Windows 7 BSOD during windows 7 reinstall

Evdog

New Member
Joined
May 18, 2013
Hey guys,

I was trying to reinstall my os after my computer had been acting oddly and during the reinstall I got the nysf.sys error. I tried rebooting but I just get the screen that says windows could not repair the computer automatically. I'm completely lost as to what to do.

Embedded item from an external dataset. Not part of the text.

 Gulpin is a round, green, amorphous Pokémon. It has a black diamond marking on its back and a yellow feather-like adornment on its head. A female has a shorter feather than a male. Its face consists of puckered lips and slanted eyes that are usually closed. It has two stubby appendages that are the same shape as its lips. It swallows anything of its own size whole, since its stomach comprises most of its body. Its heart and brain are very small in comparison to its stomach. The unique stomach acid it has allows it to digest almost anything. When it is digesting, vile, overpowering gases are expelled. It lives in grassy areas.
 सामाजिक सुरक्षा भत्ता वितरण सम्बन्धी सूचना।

I'm sorry if I'm not following forum procedure but I'm posting this from my iPod because I currently don't know how to access my computer. Also I took a picture of the bsod with my iPod if that helps at all. =/

Thanks in advance
 
I guess to be more specific, I mainly need help just logging back into my computer before I can access the files necessary to determine what caused this problem. Every time I reboot my computer it just sends me to the startup repair and says that it was unable to repair my computer automatically. I've tried:

Hitting f12 and rebooting from the cd/dvd drive with the operating system disk in it
Hitting f8 and trying to restore the system to a previous restore point as well as trying to find a previous image to restore to
Ran a short diagnostics which everything seemed to pass
Talked to a dell technical support dude who suggested I try start my computer in safe mode with networking

Nothing has seemed to work and whenever i reboot it just sends me to the startup repair.
 
I would suggest that the most important thing at this point is recovering your data.
Are you able to access the hard drive with another operating system (such as a Live Linux distro or the Ultimate Boot CD)?
If so, have you copied your data onto some sort of removeable media in order to back it up?

After that, I'd suggest these free, bootable diagnostics: Initial Hardware Diagnostics

I presume that you got an NTFS.sys error - which is the file system on your hard drive. This can mean several different things - from file system corruption to hard drive failure. One of the bootable tests at the link above is a hard drive diagnostic.

From Startup Repair you may try running CHKDSK /R /F from the Command Prompt - that'll check the file system structure on the hard drive (but doesn't test the physical hard drive itself). When in the Command Prompt just type "CHKDSK /R /F" (without the quotes - and press ENTER. Then let it run and see what it says on the screen (it may take a while, especially if there is damage to the file system.